To work with takeover / giveback in the HA pair, you must configure the correct timeouts of the guest OS . Since the cluster can contain storage systems of different models, disk, hybrid and All Flash systems, and data can migrate between these systems, it is recommended to use the worst timeout value (for disk systems), namely 60 seconds:
The default OS values in the case of using NFS are satisfactory, and the settings for the guest OS do not need to be changed.
These values are set manually or using scripts available as part of VSC:
Learn more about zoning guidelines for NetApp in pictures .
For ONTAP 8.X and 9.X, ALUA is always enabled for all block protocols: iSCSI / FC / FCoE .
If the host correctly defined ALUA , then the Storage Array Type plug-in will display VMW_SATP_ALUA . For ALUA , the Most Recently Used or Round Robin algorithm, any , is allowed to be used .

Round Robin will be more productive if there are more than one path to the controller.

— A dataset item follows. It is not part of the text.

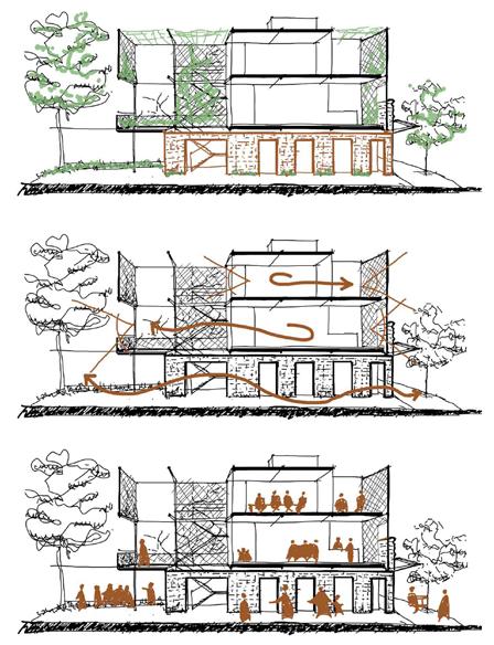 la acumulación de calor en verano. Esta estrategia, complementada con el uso de patios interiores y exteriores, asegura una ventilación e iluminación naturales, maximizando el confort con un bajo impacto ambiental.

In case of using Microsoft Cluster + RDM disks, the Most Recently Used balancing mechanism is recommended for use .
Below is a table of recommended load balancing settings. Learn more about NetApp ONTAP, ALUA logic and load balancing for block protocols .
For optimal operation of the ESXi host, it is necessary to set the parameters recommended for it.

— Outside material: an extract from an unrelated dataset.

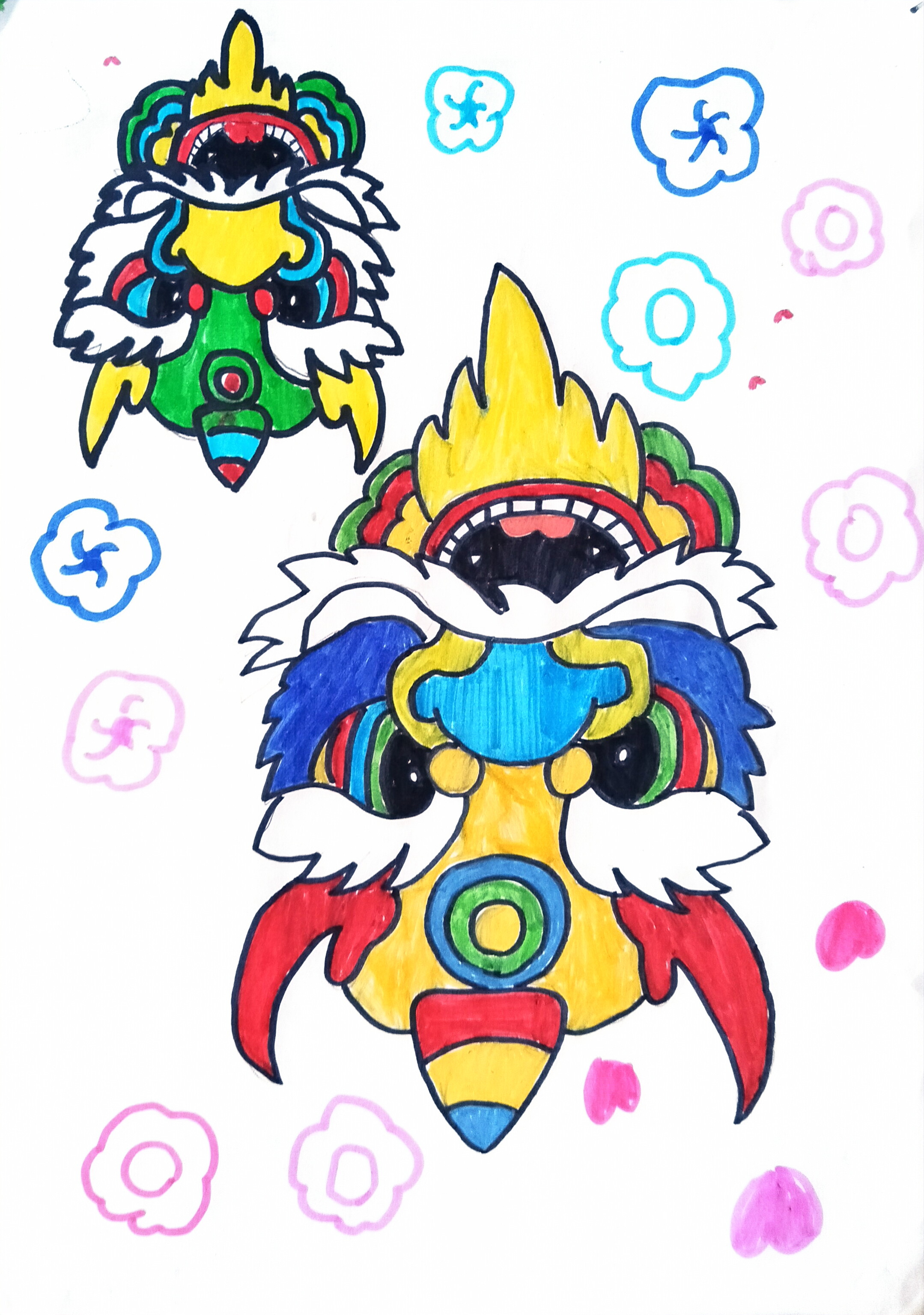 一大一小两只醒狮头,用黄蓝红绿撞出热闹:大狮鬃毛如焰,嘴裂露齿带劲,小狮绿身俏巧,同系纹样衬出 "双狮嬉闹" 的氛围感。周围彩花云纹像把节庆的糖纸揉碎撒开,既守了醒狮的传统锐气,又用孩童式的鲜亮色彩裹满欢喜,像把庙会里的热闹劲儿,凝在这对彩狮脸上。

There are several ways to do this:
NetApp generally recommends using “default values” for HBA for ONTAP systems with an ESXi host as set by the adapter manufacturer. If they have been changed, they must be returned to the factory settings. Check out the relevant best practices. For example, if we are talking about DB2 virtualization in VMware on NetApp, it is recommended ( see page 21 ) to increase the queue length to 64 on ESXi (how to do this is written in Vmware KB 1267 ).
If you are using iSCSI, it is highly recommended that you use Jumbo Frames on Ethernet at speeds greater than or equal to 1Gb. Read more in the Ethernet article with NetApp ONTAP . Do not forget about the VMware recommendations for LACP, Port-channel, Spanning Tree, PortFast, Flowcontrol settings.
ONTAP systems support VMware VAAI primitives by downloading some of the routine data management tasks on the datastore from the host to the storage, where it is more logical to perform this. In a SAN environment with ESXi 4.1+ and higher with ONTAP systems 8.0 and higher, VAAI is automatically supported and does not require any manipulation. For NAS environments, NetApp has released a plugin that allows similar optimizations for the NFS protocol . This requires the installation of a NetAppNFSVAAI kernel module for each ESXi host. VSC can install the NFS VAAI plugin automatically from vCenter. For it to function it is necessarycorrectly configure the NFS ball for VAAI , for which it is necessary to satisfy several requirements:
VASA is a free software that allows vCenter through the API to learn about the capabilities of the storage and make better use of them. VASA integrates into VSC and allows you to create datastore profiles with specific storage capabilities through the GUI interface (for example, the presence / absence of Thing Provitioning, disk type: SAS / SATA / SSD , the presence of a second-level cache, etc.) and enable notifications on reaching a certain level (e.g. occupied space or load). Starting with version 6.0, VASA is a required component of VSC.and is an important (and mandatory) part of the VMware vVOL paradigm .
Starting with ESXi 5.0, the return of released blocks from the thin moon (datastore) back to the storage is supported. In versions ESXi 5.X / 6.0 with VMFS, manual start is required to return space, for ESXi 6.X with vVOL it works automatically, and starting from version 6.5 it works automatically (with a delay) on VMFS-6 datastores. On the ONTAP side, this functionality is always turned off by default; to enable it, you need to execute several simple commands on the storage system .
This topic deserves special attention and is presented in a separate article .
Widely apply the compatibility matrix in your practice to reduce potential problems in data center infrastructure . For Troubleshoot, contact KB NetApp and VMware .
I am sure that over time I will have something to add to this article on optimizing the ESXi host, so check back here from time to time.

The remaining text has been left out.